Dear holiday reader,
This past weekend, we celebrated Colony Christmas in Palmer. It is a small-town festival, featuring a snowshoe obstacle course down main street, reindeer petting, horse-drawn sleigh rides, fireworks, hot cocoa, Santa Claus, craft fairs, and a parade. Yes, a parade in the middle of winter when temperatures are often below zero Fahrenheit. The floats begin to make their way down the street well after dark on Saturday afternoon, so they are all decorated with Christmas lights.
In between running the till and helping customers at Fireside Books on Saturday, I tried to sneak outside for a couple photographs to share with you. Unfortunately, I didn’t get any good shots.
But Ruth Hulbert, who also grew up in Palmer and works at Fireside Books, offered a couple of her photos from a previous Colony Christmas, just so you all could get a feel for the atmosphere.
The event is held in honor of the Matanuska Colonists, who ventured north to Alaska in the 1930s as a part of the New Deal. They were farming families, trying to earn a new life in the Last Frontier. Many of them struggled those first few winters, but they pulled together to celebrate Christmas the best they could.
The Palmer train depot where the Colonists first arrived in the valley nearly 80 years ago remains an important gathering place. During Colony Christmas, it is crowded with arts and crafts and people bundled up in coats.
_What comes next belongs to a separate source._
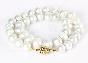Südsee-Perlenkette, Goldschließe 585/00, D = 12 -15 mm, L = 51,5 cm, leicht gedrückte Boutons mit ansprechendem Lüster

In typical small-town fashion, when I took my oldest daughter to the orthodontist the other day, the receptionist and I began talking about Colony Christmas. She pulled out her smart phone to show me this fascinating short film of the train coming into the Palmer Depot in the early 1930s.
For those of you who have read The Snow Child, this would have been very similar to the town of Alpine, where Jack and Mabel arrive by train to begin their new homesteading life.